Scholar Presentation: Profiling the HLA diversity in Multiple US Populations Using High-resolution 9-locus Haplotype Frequencies from Donors in the NMDP Donor Registry

Tuesday, October 7, 2025

10:00 AM - 10:15 AM US EDT

Location: Grand Cypress D - F

CE: .04 CEC / .25 CME

Speaker(s)

Abeer Madbouly, PhD

Consultant
MHC Therapeutics Bioconsulting
Minneapolis, MN

Moderator(s)

Ryan Pena, MD, PhD, MS, F(ACHI)

Tufts University School of Medicine

Aim: To characterize the HLA immunogenetic diversity in US populations, nine locus haplotype frequencies (HFs) were estimated from volunteer stem-cell donors in the NMDP registry. These HFs are crucial for high-resolution imputation, match predictions, and match likelihood projections. Our objective was to refresh this valuable population genetics reference dataset for the Histocompatibility and Immunogenetics (H&I) community, most recently updated in 2013.

Methods: A dataset of 9,671,082 NMDP donors typed by DNA methods was used to estimate 9-locus HFs using an updated Expectation Maximization algorithm that fills typing gaps and jointly resolves phase and allelic ambiguities.

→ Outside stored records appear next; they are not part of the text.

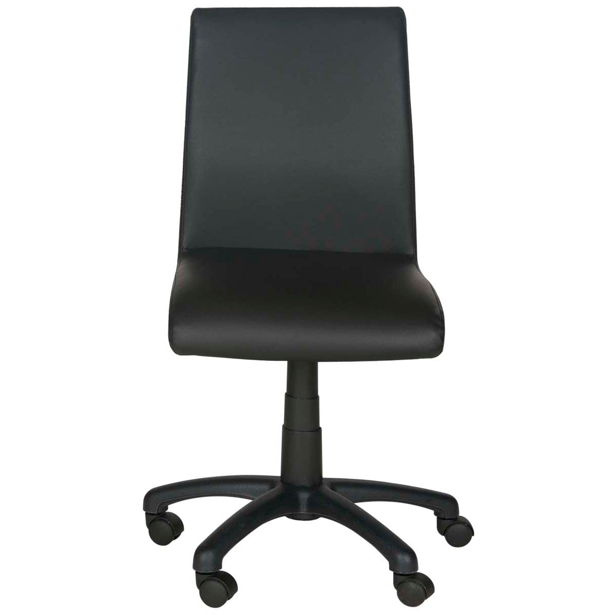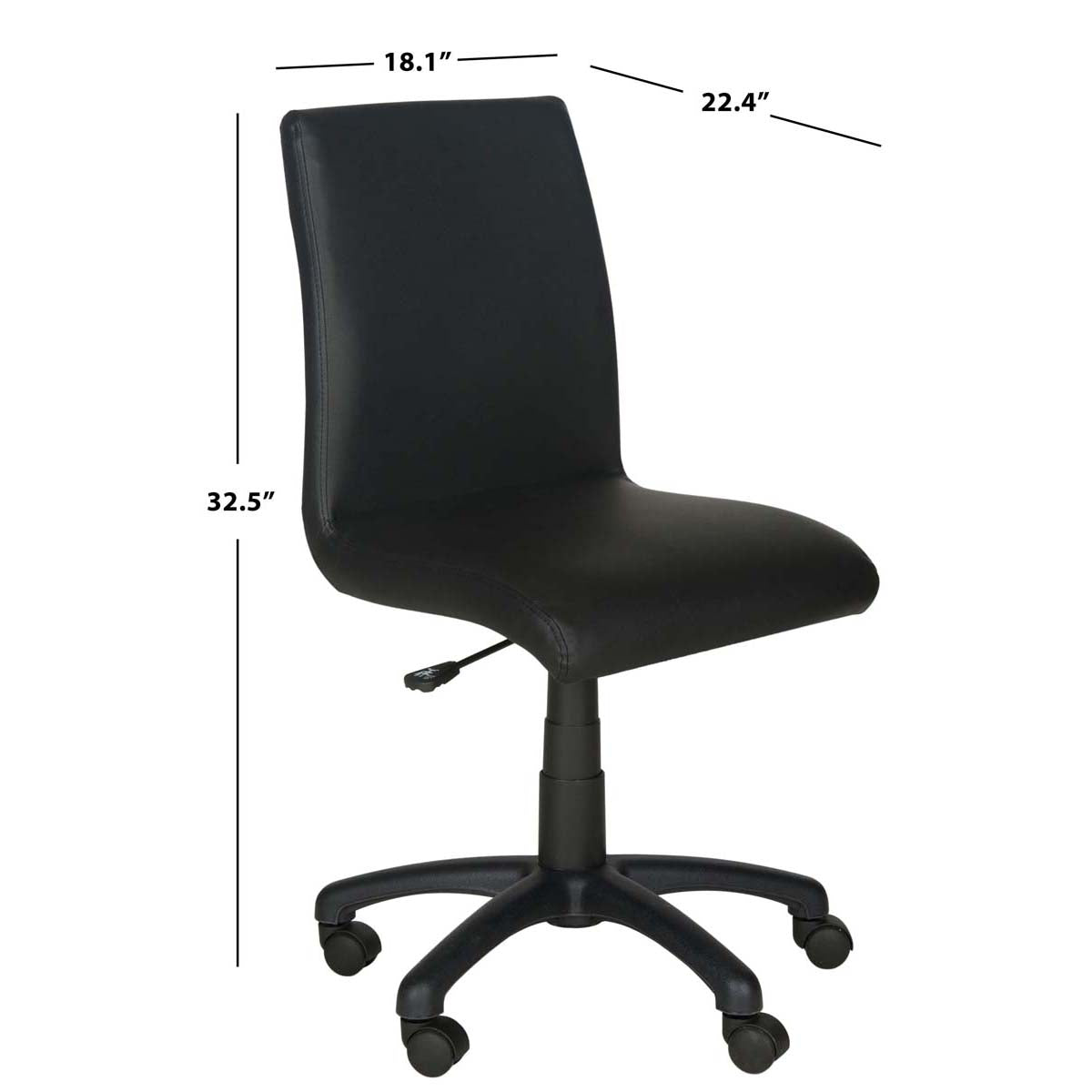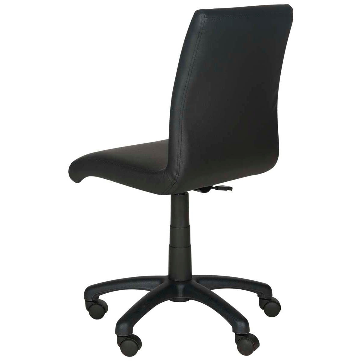 There can there be fun in functional with this tall, armless black PVC faux leather desk chair. It brings any office space up to date with clean, modern lines, an adjustable, durable seat and plastic wheels that glide to make 9 to 5 the new happy hour.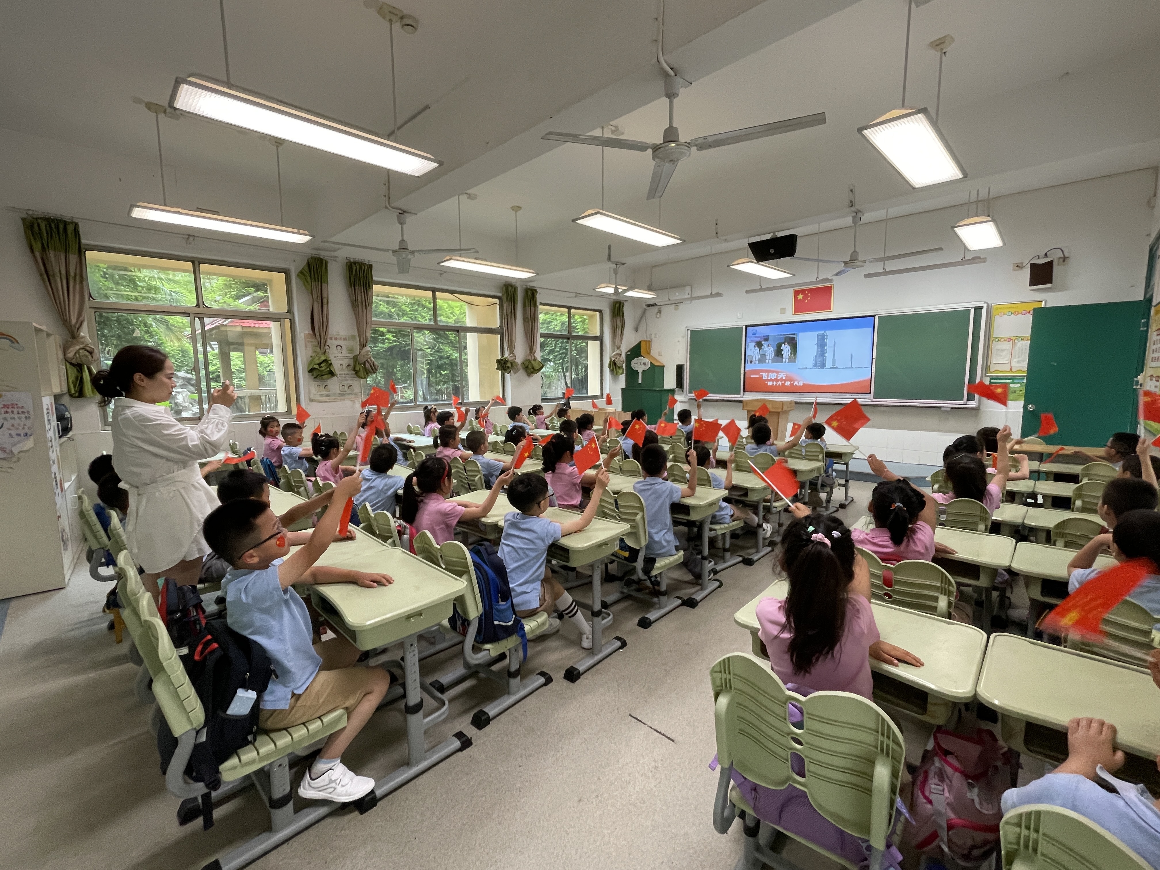 5月30日上午9点,凤凰花园城小学一(3)班的孩子们正襟危坐观看直播,手里攥着小红旗,脸上也贴了五星红旗,一起等待神舟十六号载人飞船发射。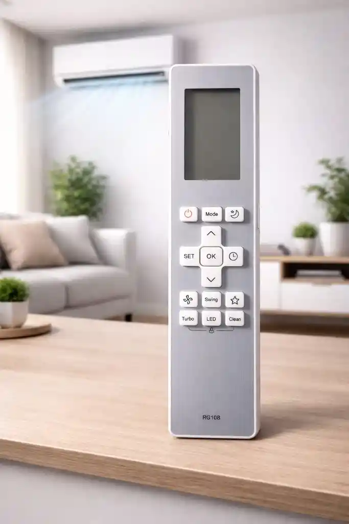 Control remoto compatible con aire acondicionado Olimpo, modelo RG108. Ideal como reemplazo cuando el control original se daña, se pierde o presenta fallas. Diseño ergonómico, botones suaves y pantalla amplia para una visualización clara de funciones. Permite manejar cómodamente las configuraciones de climatización. Funciones principales: Encendido / Apagado Modo (Frío, Ventilación, Auto según equipo) Ajuste de temperatura Control de ventilador Función Swing Turbo LED Clean Características: Compatible con equipos Olimpo Respuesta rápida y precisa Diseño liviano y cómodo Fácil uso Ideal para hogares, oficinas, consultorios y espacios comerciales.

Self-identified race and ethnicity categories were captured on the NMDP member recruitment form and used to stratify the study populations into five broad and 21 genetically distinctive detailed groups. Multiple population genetics analyses were conducted, including deviation from Hardy-Weinberg equilibrium proportions (HWEP), Linkage disequilibrium
(LD), population clustering, and genetic distance. HapLogic, the NMDP matching algorithm, was used to validate the efficacy of the estimated HFs for matching.

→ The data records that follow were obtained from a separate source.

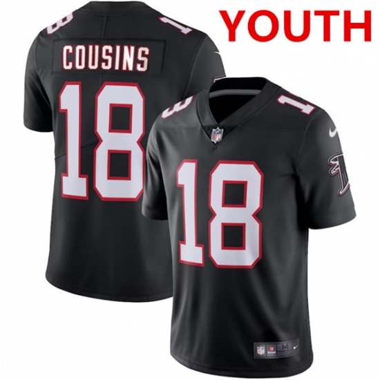 >Youth Atlanta Falcons #18 Kirk Cousins Black Vapor Untouchable Limited Stitched Jersey
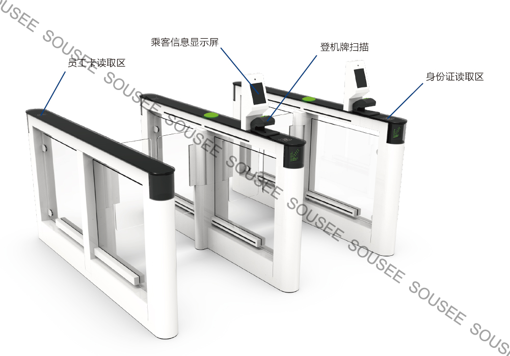 自助登机闸机:在旅客登机前增加与机场离港系统连接的自助登机查验系统,通过采集旅客面部信息验证是否通过安检检查以及是否属于当前航班,验证通过后自动放行旅客登机,实现刷脸登机; 亦可通过刷登机牌(纸质或电子)或旅客身份证件信息进行二次验证,验证通过后允许旅客登机。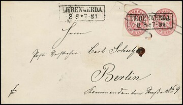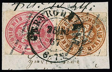 Wappen-Ganzsachen-Ausschnitte 1 Sgr. rosa und 3 Sgr. ockerbraun, je viereckig, auf Prachtbriefstück mit K2 "Gernrode i. Anh." (später Aufbrauch 20.12.67), Mi. 150,- +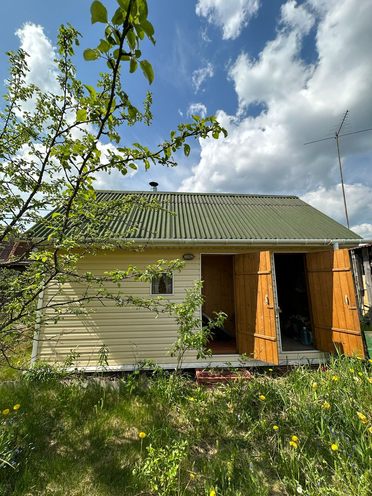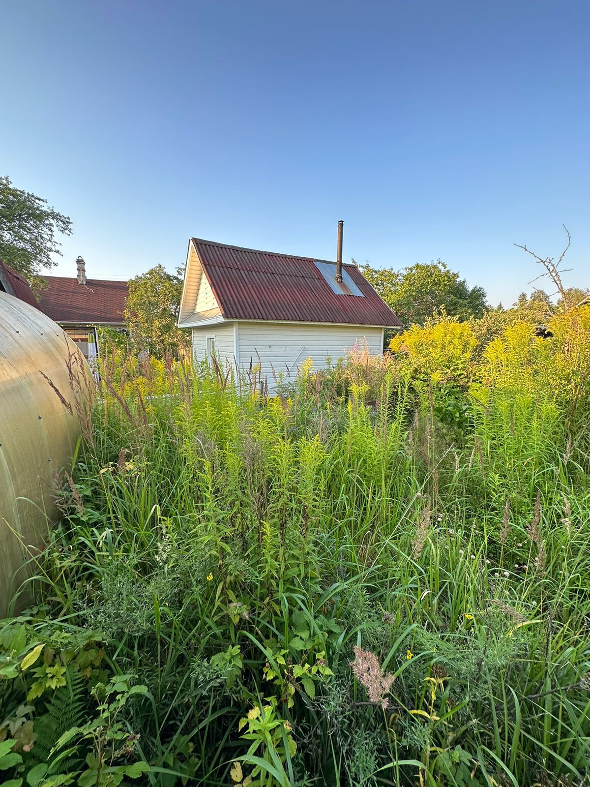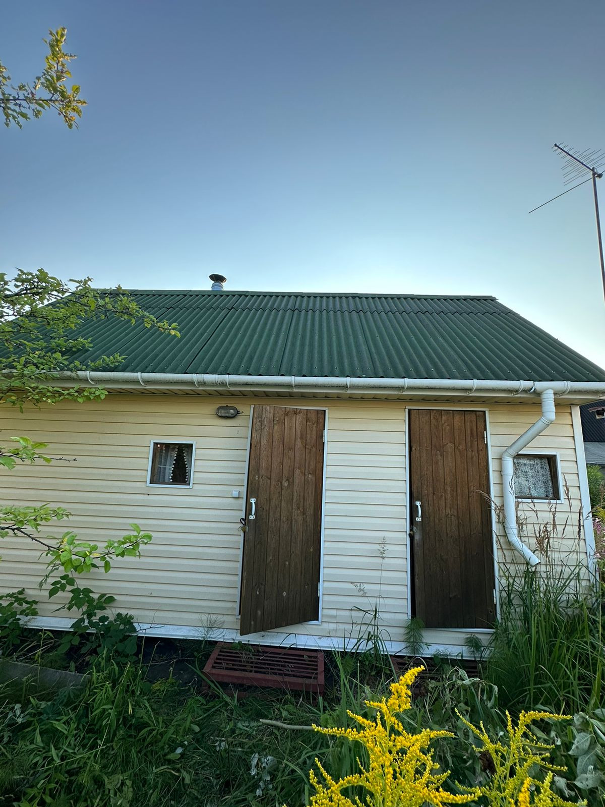 Баня- новая 6*4 из бруса, крыша ондулин. Установлена на сваях. В бане есть: парилка, моечное отделение, с подачей воды сверху, и с/узел. А также с отдельным входом -помещение для хранения хоз.инвентаря.

Results: Typing coverage was 100% for HLA-A, B and DRB1, 75%, 54%, 41%, and 10% for HLA-C, DQB1, DPB1, DPA1, and DQA1 respectively. The top 10 9-locus haplotypes in the US by aggregate frequencies are shown in table 1 with cumulative HFs between 0.84% to 10%. Most of the nine loci deviated from HWEP with exceptions at loci with sparse data: DQA1, DPB1, and DPA1. LD was stronger for class II loci like DRB1 with DQB1 and DQA1 with Black
populations showing lower class II LD than all other groups. Clustering analysis showed tight clusters for Black, Hispanic, and White populations while Asian groups showed more intra-population genetic diversity. Matching validation showed improved match predictions than previously published results (0.97 for 10/10 and 0.62 for DPB1 predictions) with current AUC = 0.98, 0.94, 0.8 and 0.96 for 10/10, DQA1, DPB1 and DPA1 respectively (figure 1).

Conclusion: The newly estimated 9-locus HFs extend previous frequency studies to cover all classical HLA loci with a larger sample size. This dataset can be applied for comprehensive and accurate HLA matching, virtual crossmatch predictions, and multiple other applications in genetics research and medicine.